La personnalité médiatique conservatrice Laura Loomer a également attiré l’attention sur les contacts entre Tucker Carlson et d’autres personnalités de sa chaîne, d’une part, et les gouvernements du Qatar et de la Turquie, d’autre part, laissant entendre qu’il pourrait exister des accords commerciaux s’inscrivant dans le cadre d’opérations d’influence menées pour le compte de ces deux pays.

En mars 2026, Loomer a affirmé qu’une source au sein de la CIA lui avait révélé que l’agence disposait de « preuves tangibles » du financement par le gouvernement turc « de podcasteurs chargés de saper le programme de l’administration Trump au Moyen-Orient ».

Elle a affirmé que la CIA disposait de preuves de financement concernant « au moins une podcasteuse et au moins un podcasteur ».

Loomer a décrit la Turquie comme le plus grand bailleur de fonds mondial des Frères musulmans, une affirmation qu’elle a également formulée à l’égard du gouvernement qatari.

Il est important de noter que les activités de l’AKP aux États-Unis ne sont pas illégales. L’AKP est officiellement enregistré au titre de la loi FARA et désigne publiquement Halil Mutlu comme directeur de son bureau de Washington.

Les recherches de Fischberger soulignent l’importance des registres FARA. En vertu de la loi sur l’enregistrement des agents étrangers (FARA), les entités et les individus cherchant à influencer la politique ou l’opinion publique américaine pour le compte d’entités étrangères sont tenus de déclarer toute association, action ou transaction financière avec des citoyens américains.

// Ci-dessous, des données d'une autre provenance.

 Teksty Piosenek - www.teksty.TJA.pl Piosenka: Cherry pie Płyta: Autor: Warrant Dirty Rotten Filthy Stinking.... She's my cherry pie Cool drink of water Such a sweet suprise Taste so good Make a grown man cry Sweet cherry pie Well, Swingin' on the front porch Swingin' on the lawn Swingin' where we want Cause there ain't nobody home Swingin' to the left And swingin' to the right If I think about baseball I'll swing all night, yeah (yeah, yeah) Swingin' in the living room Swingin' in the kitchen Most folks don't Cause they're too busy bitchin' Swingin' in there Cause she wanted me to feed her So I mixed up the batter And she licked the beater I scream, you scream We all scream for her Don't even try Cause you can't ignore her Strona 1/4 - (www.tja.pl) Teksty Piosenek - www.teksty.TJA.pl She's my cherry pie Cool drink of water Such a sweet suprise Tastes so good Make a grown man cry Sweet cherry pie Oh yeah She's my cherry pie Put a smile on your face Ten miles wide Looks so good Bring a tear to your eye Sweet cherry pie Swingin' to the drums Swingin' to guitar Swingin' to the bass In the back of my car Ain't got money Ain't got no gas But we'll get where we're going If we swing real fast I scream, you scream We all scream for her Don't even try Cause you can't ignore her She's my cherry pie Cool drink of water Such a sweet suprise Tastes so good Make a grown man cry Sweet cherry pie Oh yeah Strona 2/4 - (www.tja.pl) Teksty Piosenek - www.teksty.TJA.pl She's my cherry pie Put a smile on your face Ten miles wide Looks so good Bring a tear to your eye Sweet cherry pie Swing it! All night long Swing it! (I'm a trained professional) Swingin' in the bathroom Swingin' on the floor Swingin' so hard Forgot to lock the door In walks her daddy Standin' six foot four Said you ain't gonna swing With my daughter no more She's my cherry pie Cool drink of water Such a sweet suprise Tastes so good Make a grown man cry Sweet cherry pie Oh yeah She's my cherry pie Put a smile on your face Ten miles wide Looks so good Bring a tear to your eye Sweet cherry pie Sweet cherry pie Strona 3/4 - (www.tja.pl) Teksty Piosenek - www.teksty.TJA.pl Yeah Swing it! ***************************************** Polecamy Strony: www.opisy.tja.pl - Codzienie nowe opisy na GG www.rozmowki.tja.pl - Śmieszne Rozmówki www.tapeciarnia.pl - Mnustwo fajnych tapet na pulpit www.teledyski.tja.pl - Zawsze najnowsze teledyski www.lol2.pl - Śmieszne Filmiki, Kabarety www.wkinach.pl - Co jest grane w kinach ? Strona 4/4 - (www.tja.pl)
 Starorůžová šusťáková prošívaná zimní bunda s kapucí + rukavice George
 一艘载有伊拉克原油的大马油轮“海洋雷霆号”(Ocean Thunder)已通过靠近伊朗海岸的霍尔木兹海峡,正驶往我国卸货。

Ces déclarations permettent de se faire une idée de l’identité des personnes que l’AKP tente d’utiliser pour exercer une influence. Cependant, les déclarations FARA ne révèlent pas le contenu de ces réunions, ce qui signifie qu’en dehors du simple fait qu’elles aient eu lieu, il est pratiquement impossible de savoir ce qui s’est passé lors des rencontres avec Hasan, Kiriakou ou Patel.

S’adressant à i24 News, Fischberger a déclaré qu’en tant que chercheur, l’absence d’informations détaillées signifie « qu’il faut en quelque sorte faire appel à son esprit critique et à ses compétences en matière de recherche pour essayer de comprendre ce qui se passe réellement, puis de reconstituer le puzzle ».